The widow O’Bryan had her eye on Hank, but Hank was a bachelor confessed.
His job at the Double Halo A Ranch kept him busy, more than the rest.

Hank was not flirtatious. His life was the ranch and the cows.
He promised to stay a lone cowboy and never take the vows.

Marriage seemed like shackles, he couldn’t imagine the thrill.
But the widow O’Bryan would have her way. To her, Hank fit the bill.

She really didn’t know ole Hank. No matter, just the same.
‘Cuz to her he was available. Someday she’d wear his name.

Thanksgiving Day was coming. She would need to make a plan.
What could she do to make this cowboy want to be her man?

She knew ole Hank wouldn’t pass a meal of turkey and pumpkin pie.
She would invite him over for dinner, then she’d snare this hunk of a guy.

Hank accepted her invite, reserved and cautious of course.
Thanksgiving Day arrived, so he saddled up his horse.

Now Hank was a man of punctual time. Early he did arrive.
He knew too well the widow’s scheme yet couldn’t pass pumpkin pie.

Hank attempted conversation, to the widow preoccupied.
She was sending word to a preacher who’d be persuaded to take her side.

The widow O’Bryan pulled from the shelf her favorite whiskey blend.
Then with confidence, she asked, “Join me for a drink, my friend?”

She knew too well a festive drink with Hank would have no ebb.
The cowboy was about to be in a certain widow’s web.

The widow wasn’t gonna let Hank’s whiskey glass run dry.
To get him here took all her wits.
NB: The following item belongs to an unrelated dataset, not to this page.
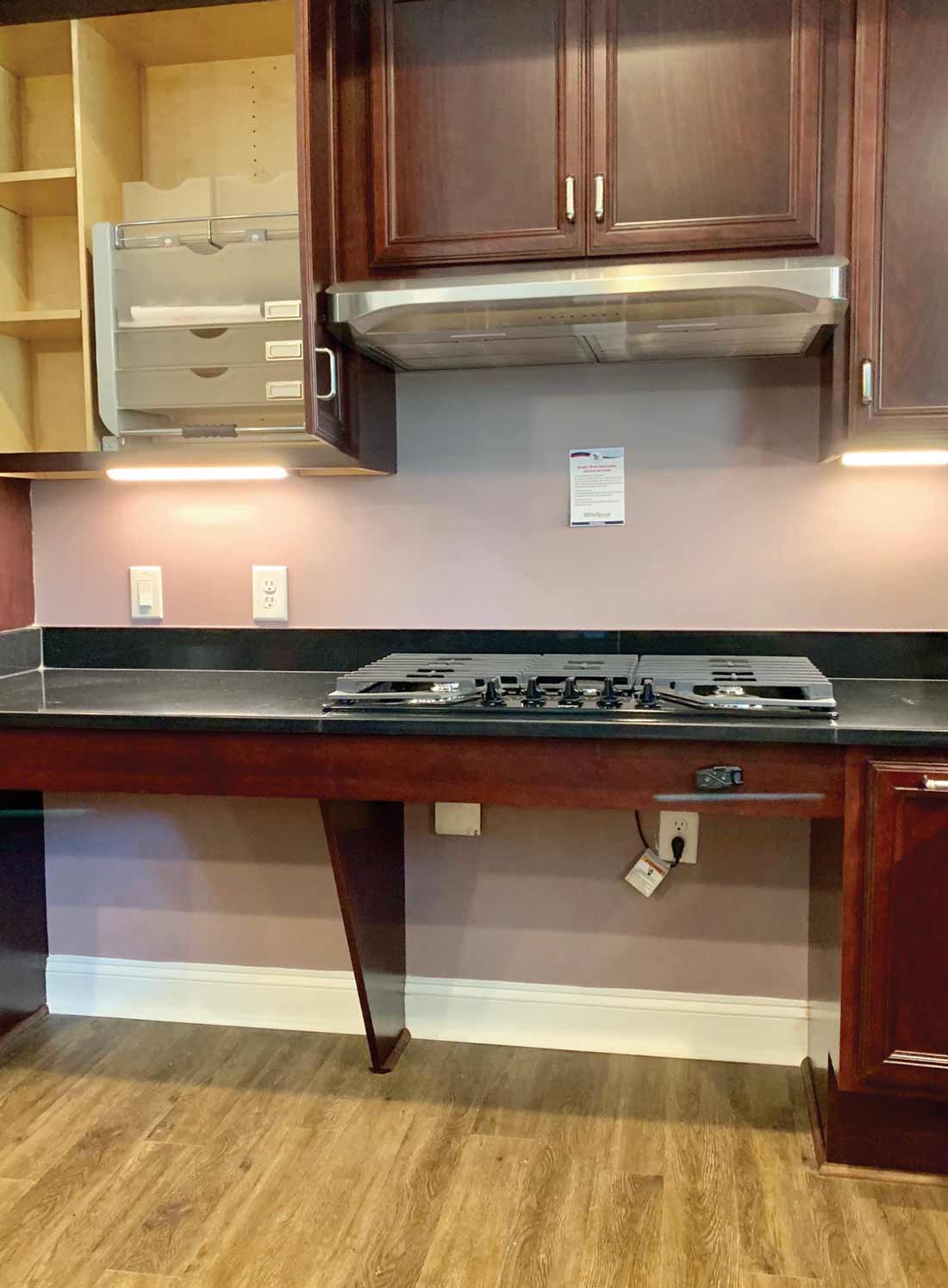 As of January, HFOT has provided 325 veterans with homes that go beyond being VA and ADA compliant. Each home bears the same design – 2,800 square feet of one-floor, open-concept living, with four bedrooms and two baths. The adapted floor plan features wider hallways and entry doorways; automatic door openers; roll-under sinks, stovetops and counters; pull-down shelving; sliding windows; digital temperature controls for water; roll-in showers; light switches positioned at wheelchair height and the list goes on. Chris’s house is gorgeous. Best of all, it’s paid for. His responsibilities extend to home insurance

There weren’t any bigger fish to fry.

Hank ate a bite of turkey. It was marvelous to taste.
But the widow’s booze caused him to lose and left him one big waste.

As Hank woke up and cleared his head the widow placed the band.
He was a might confused about the gold ring on his hand.

Hank’s head was spinning when he heard a man’s voice in the room.
The clergy’s voice spoke out so clearly, “You may kiss the groom.”

Well, then he glimpsed the preacher who had promptly been dismissed.
He was sneaking out the back door with a fifty in his fist.

So if you’re the only bachelor at this next Thanksgiving meal.
And a preacher sits beside you, I’d stand up and turn to heel!